Eisenga Michele F, Nolte Ilja M, van der Meer Peter, Bakker Stephan J L, Gaillard Carlo A J M
Department of Internal Medicine, Division of Nephrology, University of Groningen, University Medical Center Groningen, Groningen, The Netherlands.
Department of Internal Medicine, Division of Nephrology, University Medical Center Groningen, P.O. Box 30.001, 9700, RB, Groningen, The Netherlands.
BMC Nephrol. 2018 Sep 12;19(1):225. doi: 10.1186/s12882-018-1021-3.
Iron deficiency is highly prevalent in chronic kidney disease (CKD) patients. In clinical practice, iron deficiency is defined based on a combination of two commonly used markers, ferritin and transferrin saturation (TSAT). However, no consensus has been reached which cutoffs of these parameters should be applied to define iron deficiency. Hence, we aimed to assess prospectively which cutoffs of ferritin and TSAT performed optimally for outcomes in CKD patients.
We meticulously analyzed 975 CKD community dwelling patients of the Prevention of Renal and Vascular Endstage Disease prospective study based on an estimated glomerular filtration rate < 60 ml/min/1.73m, albuminuria > 30 mg/24 h, or albumin-to-creatinine ratio ≥ 30 mg/g. Cox proportional hazard regression analyses using different sets and combinations of cutoffs of ferritin and TSAT were performed to assess prospective associations with all-cause mortality, cardiovascular mortality, and development of anemia.
Of the included 975 CKD patients (62 ± 12 years, 64% male with an estimated glomerular filtration rate of 77 ± 23 ml/min/1.73m), 173 CKD patients died during a median follow-up of 8.0 (interquartile range 7.5-8.7) years of which 70 from a cardiovascular cause. Furthermore, 164 CKD patients developed anemia. The highest risk for all-cause mortality (hazard ratio, 2.83; 95% confidence interval, 1.53-5.24), cardiovascular mortality (4.15; 1.78-9.66), and developing anemia (3.07; 1.69-5.57) was uniformly observed for a TSAT< 10%, independent of serum ferritin level.
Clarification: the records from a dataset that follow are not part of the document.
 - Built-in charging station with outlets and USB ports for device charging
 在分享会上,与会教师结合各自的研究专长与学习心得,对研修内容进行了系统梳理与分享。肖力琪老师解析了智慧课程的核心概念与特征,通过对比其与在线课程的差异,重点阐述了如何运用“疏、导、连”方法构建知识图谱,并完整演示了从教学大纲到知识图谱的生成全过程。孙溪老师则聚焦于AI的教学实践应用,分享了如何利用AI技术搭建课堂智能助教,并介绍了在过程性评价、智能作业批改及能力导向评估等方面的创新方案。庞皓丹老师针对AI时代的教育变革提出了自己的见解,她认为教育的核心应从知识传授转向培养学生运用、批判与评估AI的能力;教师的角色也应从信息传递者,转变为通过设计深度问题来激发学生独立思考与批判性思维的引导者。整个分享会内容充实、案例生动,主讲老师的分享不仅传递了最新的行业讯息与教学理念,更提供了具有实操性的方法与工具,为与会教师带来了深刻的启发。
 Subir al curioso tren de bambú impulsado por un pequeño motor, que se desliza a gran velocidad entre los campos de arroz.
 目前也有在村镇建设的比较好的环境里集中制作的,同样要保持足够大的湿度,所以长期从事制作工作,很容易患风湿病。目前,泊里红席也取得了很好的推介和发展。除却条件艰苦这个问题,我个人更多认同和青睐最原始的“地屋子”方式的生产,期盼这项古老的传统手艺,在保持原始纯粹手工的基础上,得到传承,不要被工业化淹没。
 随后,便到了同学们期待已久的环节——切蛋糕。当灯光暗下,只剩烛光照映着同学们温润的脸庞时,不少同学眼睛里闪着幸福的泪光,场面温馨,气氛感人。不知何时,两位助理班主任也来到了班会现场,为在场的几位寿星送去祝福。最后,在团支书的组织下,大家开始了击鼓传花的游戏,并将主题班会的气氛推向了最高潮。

In this study, we have shown that of the traditionally used markers of iron status, reduced TSAT, especially TSAT< 10%, is most strongly associated with the risk of adverse outcomes in CKD patients irrespective of serum ferritin level, suggesting that clinicians should focus more on TSAT rather than ferritin in this patient setting. Specific attention to iron levels below this cutoff seems warranted in CKD patients.
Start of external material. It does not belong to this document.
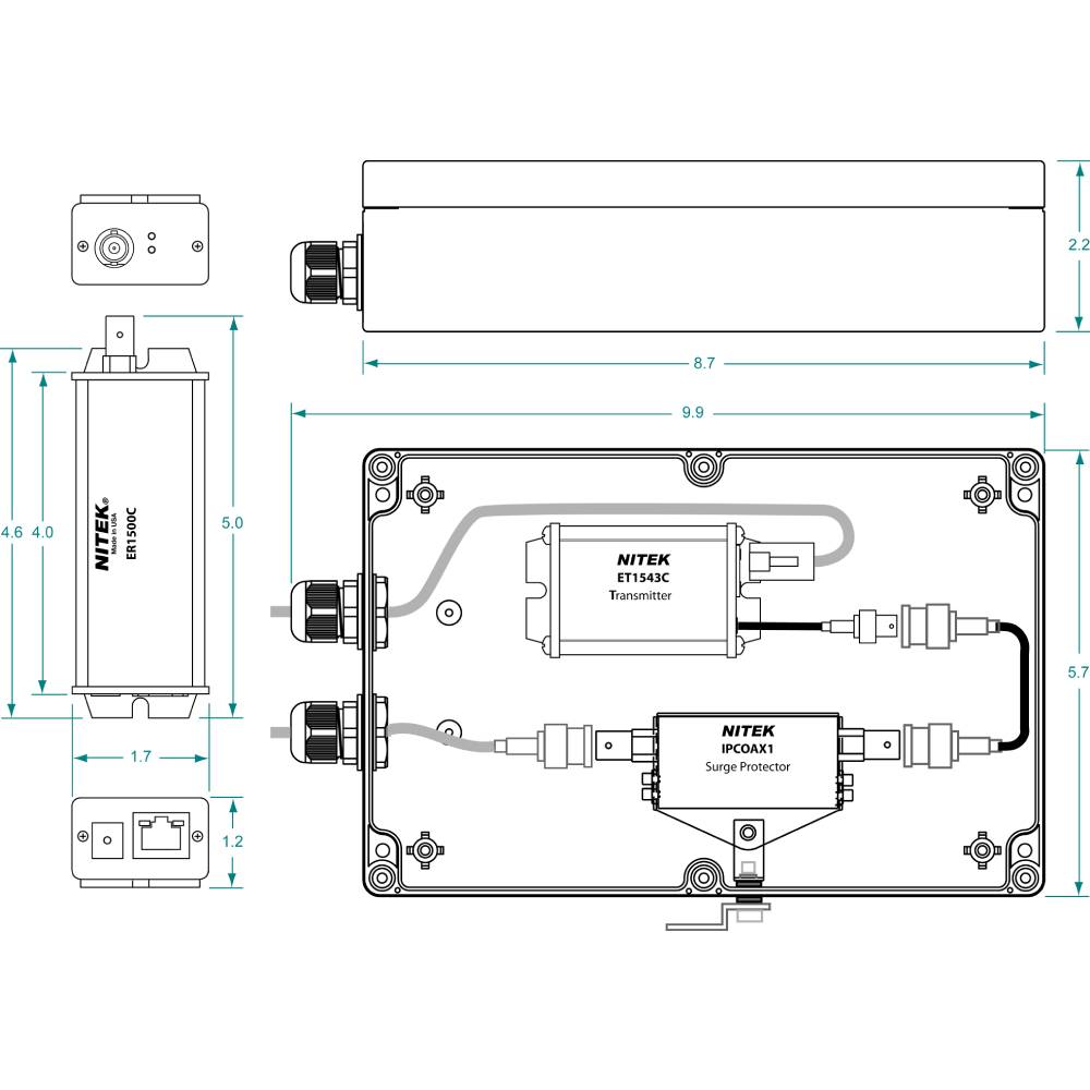 The EL1500CWS is part of the EtherStretch solution for outdoor applications. The EL1500CWS consists of an ET1543C mounted into a WP1325 weatherproof enclosure, an IPCOAX1 surge protector for the camera side (indicated by the “S” in the part number) and an ER1500C for the head end of the link. The EL1500CWS is the complete solution for camera surge, PoE power and 10/100 link extension up to 500m on RG-59 or RG-6 coaxial cabling. The ER1500C can source power to the link by requesting power from a PoE switch, or 30W of power can be injected from an optional PS48 power supply.

缺铁在慢性肾脏病(CKD)患者中极为普遍。在临床实践中,缺铁是根据两种常用指标——铁蛋白和转铁蛋白饱和度(TSAT)综合定义的。然而,对于应用这些参数的哪些临界值来定义缺铁尚未达成共识。因此,我们旨在前瞻性地评估铁蛋白和TSAT的哪些临界值对CKD患者的预后最为理想。
我们基于估计肾小球滤过率<60 ml/min/1.73m²、蛋白尿>30 mg/24h或白蛋白与肌酐比值≥30 mg/g,对975例社区居住的CKD患者进行了细致分析,这些患者来自预防肾脏和血管终末期疾病前瞻性研究。使用铁蛋白和TSAT临界值的不同组及组合进行Cox比例风险回归分析,以评估与全因死亡率、心血管死亡率及贫血发生的前瞻性关联。
纳入的975例CKD患者(年龄62±12岁,64%为男性,估计肾小球滤过率为77±23 ml/min/1.73m²)中,173例患者在中位随访8.0(四分位间距7.5 - 8.7)年期间死亡,其中70例死于心血管原因。此外,164例患者发生了贫血。无论血清铁蛋白水平如何,TSAT<10%时,全因死亡率(风险比,2.83;95%置信区间,1.53 - 5.24)、心血管死亡率(4.15;1.78 - 9.66)和发生贫血(3.07;1.69 - 5.57)的风险均最高。
在本研究中,我们表明,在传统使用的铁状态指标中,TSAT降低,尤其是TSAT<10%,与CKD患者不良结局风险的关联最为强烈,无论血清铁蛋白水平如何,这表明在这种患者情况下,临床医生应更多关注TSAT而非铁蛋白。对于CKD患者,似乎有必要特别关注低于此临界值的铁水平。